Friday, December 19, 2014

Ida (2014)

Agata Trzebuchowska gives a remarkable performance in "Ida."
Polish filmmaker Pawel Pawlikowski’s “Ida,” won top honors during its European run and was an Oscar nominee for best foreign film in 2013. Its US release didn’t come until this year and now the movie—an austere, mesmerizing coming of age story about a sheltered young woman discovering haunting secrets about her past—is justifiably appearing on the best ten lists of many critics and fans alike.

Agata Trzebuchowska is remarkable in the lead role as Anna, a young nun living in Poland during the 1960s. Nearing the day to take her vows, the superior sends Anna away to finally meet her aunt and only living relative. Both of her parents died during the war and Anna grew up as an orphan.
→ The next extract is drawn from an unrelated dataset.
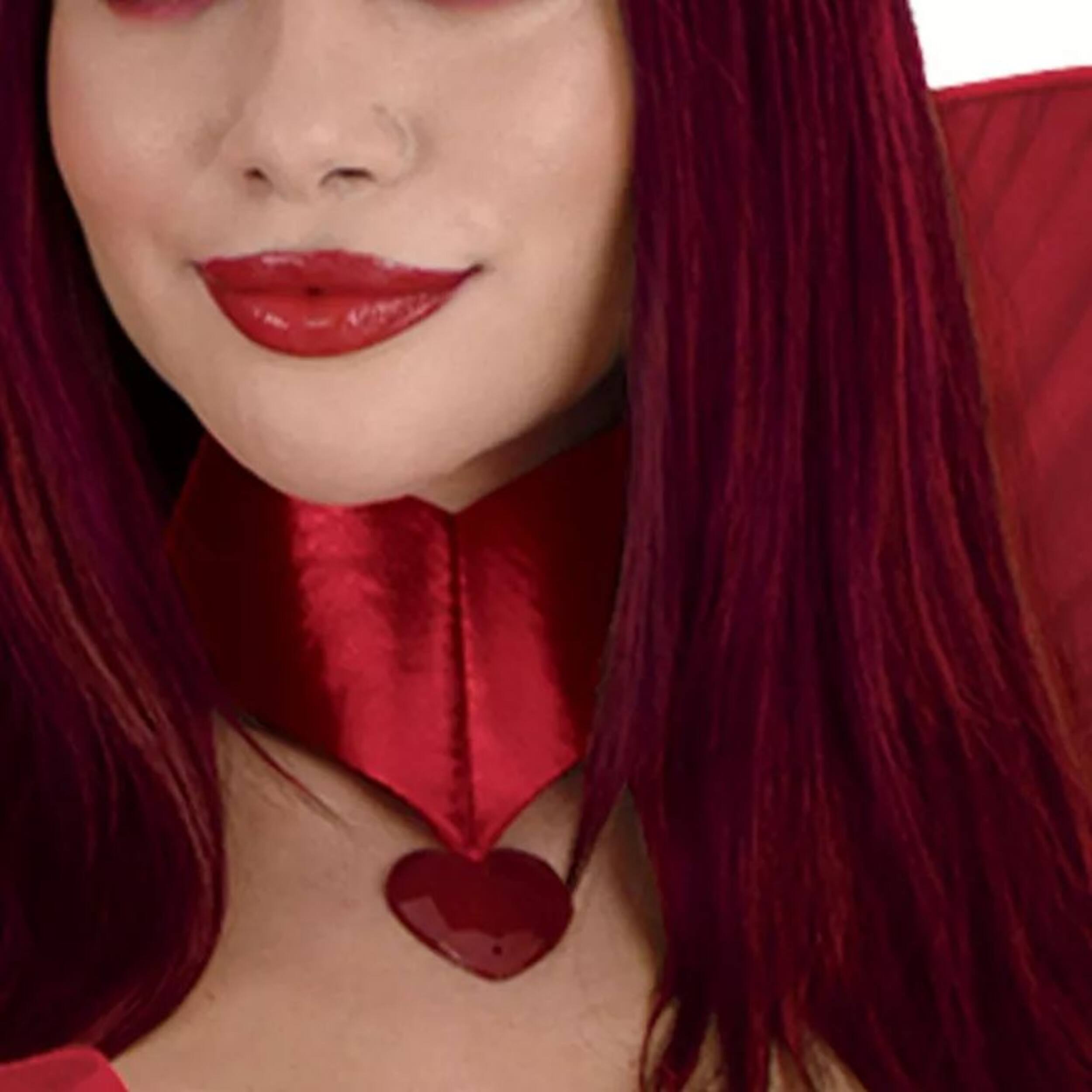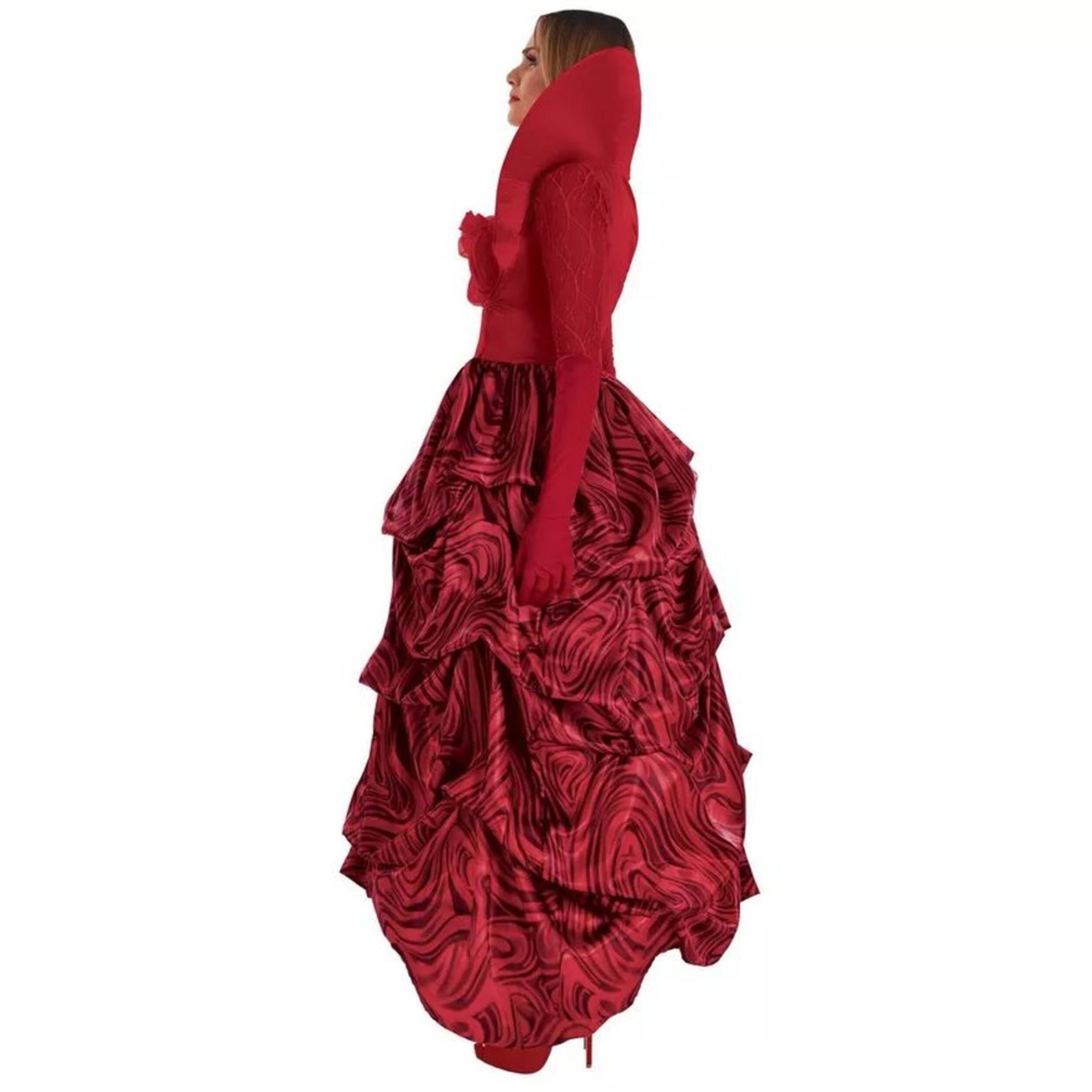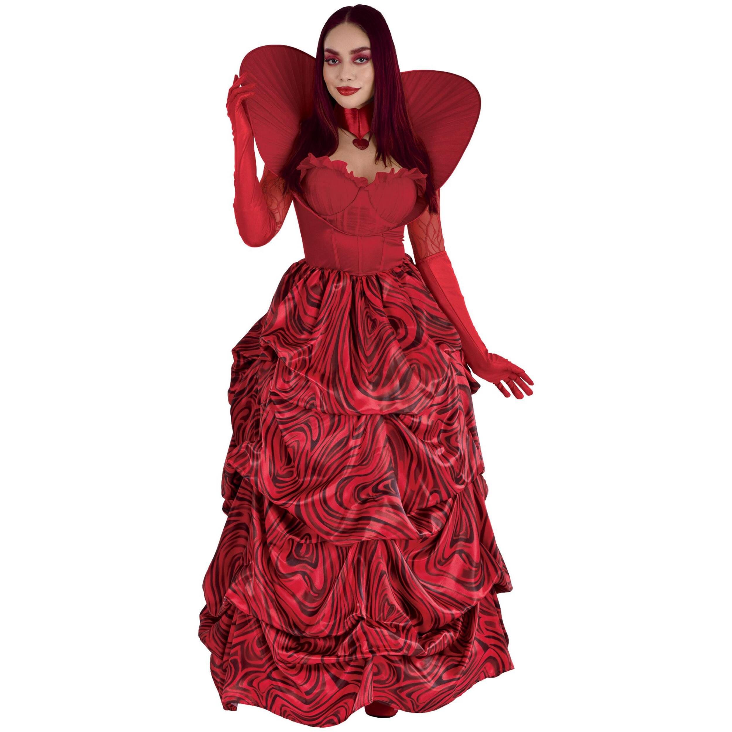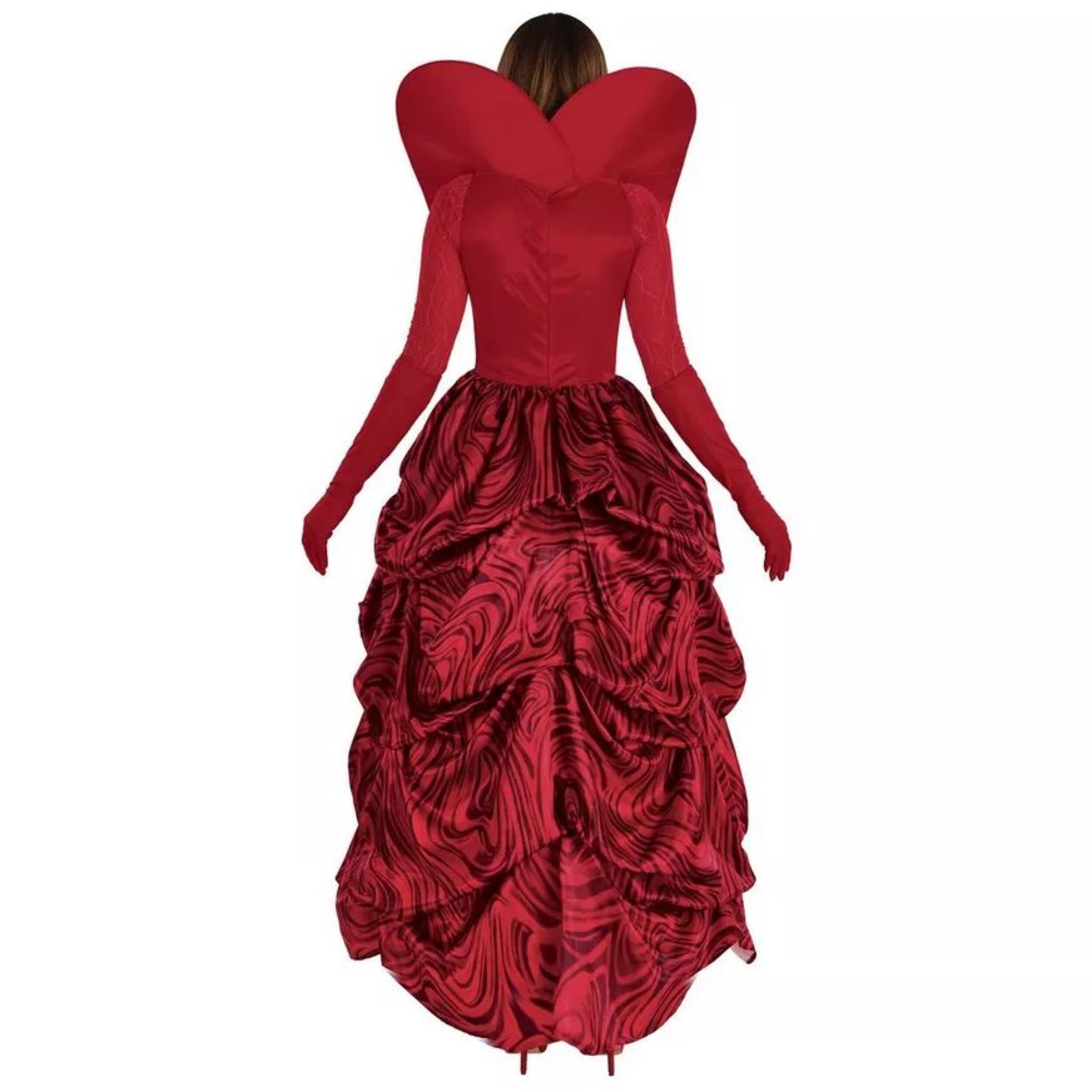 Transform into the regal Queen of Hearts this Halloween with this stunning red dress. Featuring a bubbled marble skirt and a ribbed bodice with elegant trim, this costume dress ensures you stand out at any costume party. Complete your royal look with the included heart necklace and long red gloves from our costume store.
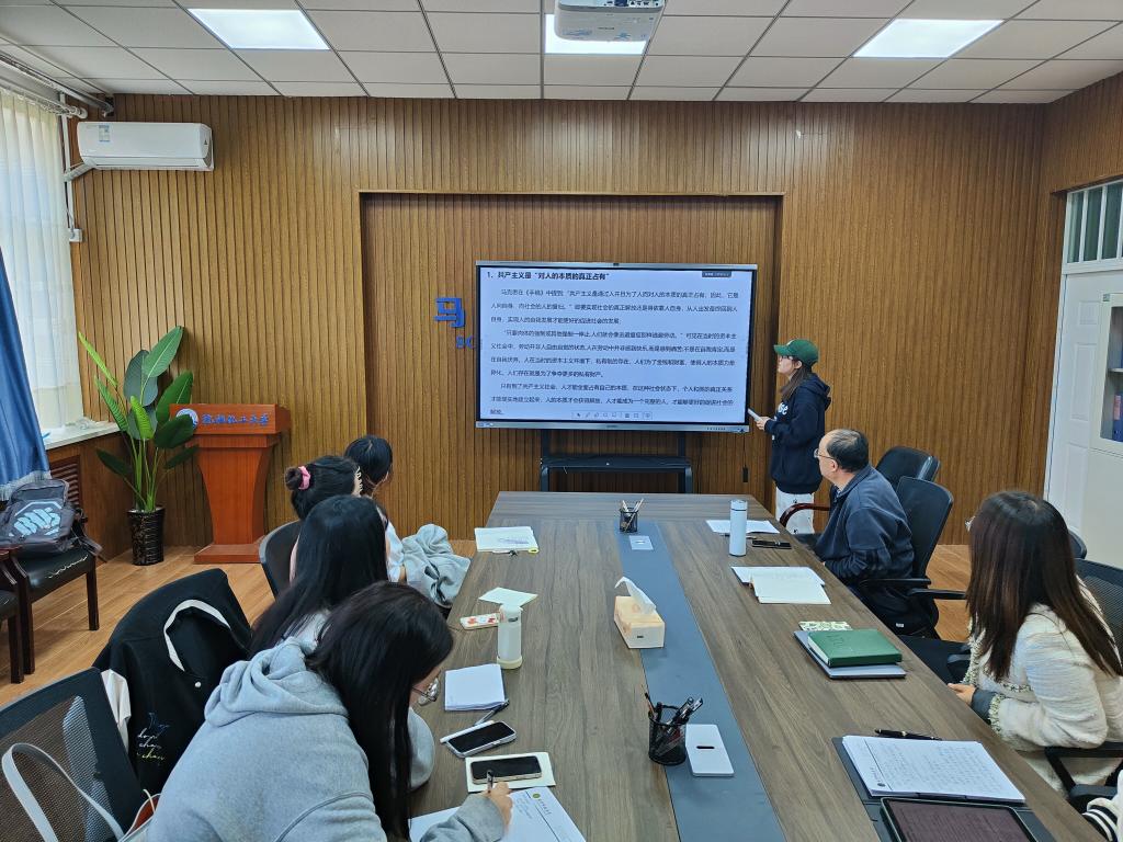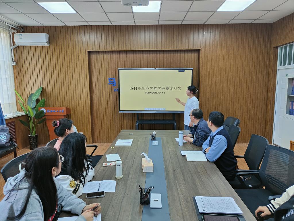 王丽云从劳动和私有财产的关系入手分享读书体会,她指出,当马克思开始开始探索私有财产和异化劳动相互关系时,已然逐渐撩开了私有财产的虚假面纱。张岩从历史背景入手,分析了马克思撰写《手稿》之时,德意志与其他国家的发展背景以及整个欧洲的大环境,有助于进一步深化对理论的认识。付珍从共产主义是“对人的本质的真正占有”、共产主义是自然主义和人道主义的完成、共产主义是“历史之谜”的解答三个方面分享了对《手稿》中共产主义思想的认识与理解。韩咏秋从整体视角分享了对《手稿》中异化劳动理论的认识,并尝试分析了当前公司生活中存在的“异化”现象。高婕分享了对异化劳动四重规定性的认识,即劳动者同劳动产品相异化、劳动者同劳动活动相异化、人同自己类本质的异化、劳动中人与人之间关系的异化。

Anna meets her aunt, Wanda Gruz (Agata Kulesza, in a brave and devastating performance), a former respected judge and prosecuter, turned world-weary and bitterly cynical, chain-smoking and regularly dousing her demons with hard liquor. Wanda reveals that Anna’s real name is Ida, that her parents were murdered during the war, and that despite living at a Catholic convent as a nun, she is actually Jewish.

The two women begin a journey to find the remains of Anna’s parents, so that they can be brought elsewhere to a proper grave. The pursuit is cold and emotionally painful, across a desolate, snow-covered Poland, made more effective by Pawlikowski’s brilliant use of black and white photography.

The differences between the spiritual Anna and the faithless Wanda are stark, but the grave circumstances bring them closer. In Anna, Wanda sees signs of the sister she misses and is comforted; in Wanda, Anna sees a glimpse of the family she never knew.

Along the way, dark secrets are uncovered. Anna meets the man who first gave her parents sanctuary during the war before murdering them, perhaps because the Nazis were closing in; he is old, frail and hospital-bound, with sins having seemingly caught up to him.

An exuberant adventure begins when Anna befriends a handsome young musician, a fascination that leads to a subtle, yet surprising twist that questions her convictions and celebrates her awareness. “You have no idea the effect you have,” he tells her. The scene when Anna, in private, quietly removes her headdress and reveals the beautiful young woman underneath plays like a wonderful moment of self-discovery.

The power of the film lies in Trzebuchowska’s great performance and Pawlikowski’s stirring imagery. The director photographs with long shots to emphasize deep pools of space, giving the impression that his characters are isolated in a world full of ghosts and suffering.  Sometimes the camera is positioned away from them, as if unable to bear the look on their anguished faces. Amidst this solemnity is Anna, praying that the long-buried evils of the past do not destroy her faith in the future.